* _Task requirements_: Set down the first line below and each line after it, ending with the one that holds "Динамика стоимости токена". Pictures do not belong in the copy.

* _Source data_:

* * * * * * *

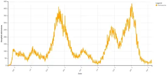 By March 23, there were a cumulative 442 COVID-19 cases, 6 of which resulted in death.[13] By April 5 there were 4,043 cases, 1,104 hospitalizations including 346 ICU admissions, and 119 deaths.[14] As of April 9, twenty percent of cases involved healthcare workers.[14] By April 13 there were 6,975 cases, 2,033 hospitalizations including 613 ICU admissions, and 274 deaths.[14]
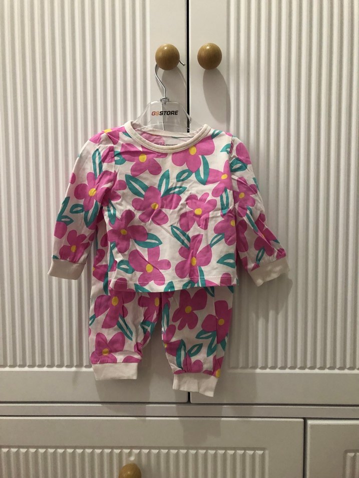 Uzun kollu, düğmeli renkli bebek kız takımı, canlı pembe çiçek desenleriyle süslenmiştir.
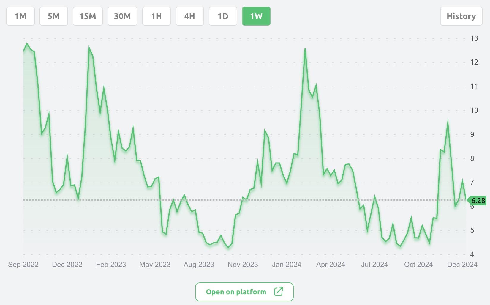 Динамика стоимости токена MANA на платформе Dzengi.com
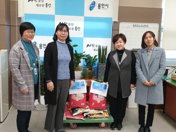 수지구청 민원봉사과 직원들은 올해 청렴활동 우수 부서로 선정돼 받은 포상금 일부로 마련한 쌀 10kg짜리 7포대를 기탁했다.

* * * * * * *

* _Answer to the exercise_:
 By March 23, there were a cumulative 442 COVID-19 cases, 6 of which resulted in death.[13] By April 5 there were 4,043 cases, 1,104 hospitalizations including 346 ICU admissions, and 119 deaths.[14] As of April 9, twenty percent of cases involved healthcare workers.[14] By April 13 there were 6,975 cases, 2,033 hospitalizations including 613 ICU admissions, and 274 deaths.[14]
 Uzun kollu, düğmeli renkli bebek kız takımı, canlı pembe çiçek desenleriyle süslenmiştir.
 Динамика стоимости токена MANA на платформе Dzengi.com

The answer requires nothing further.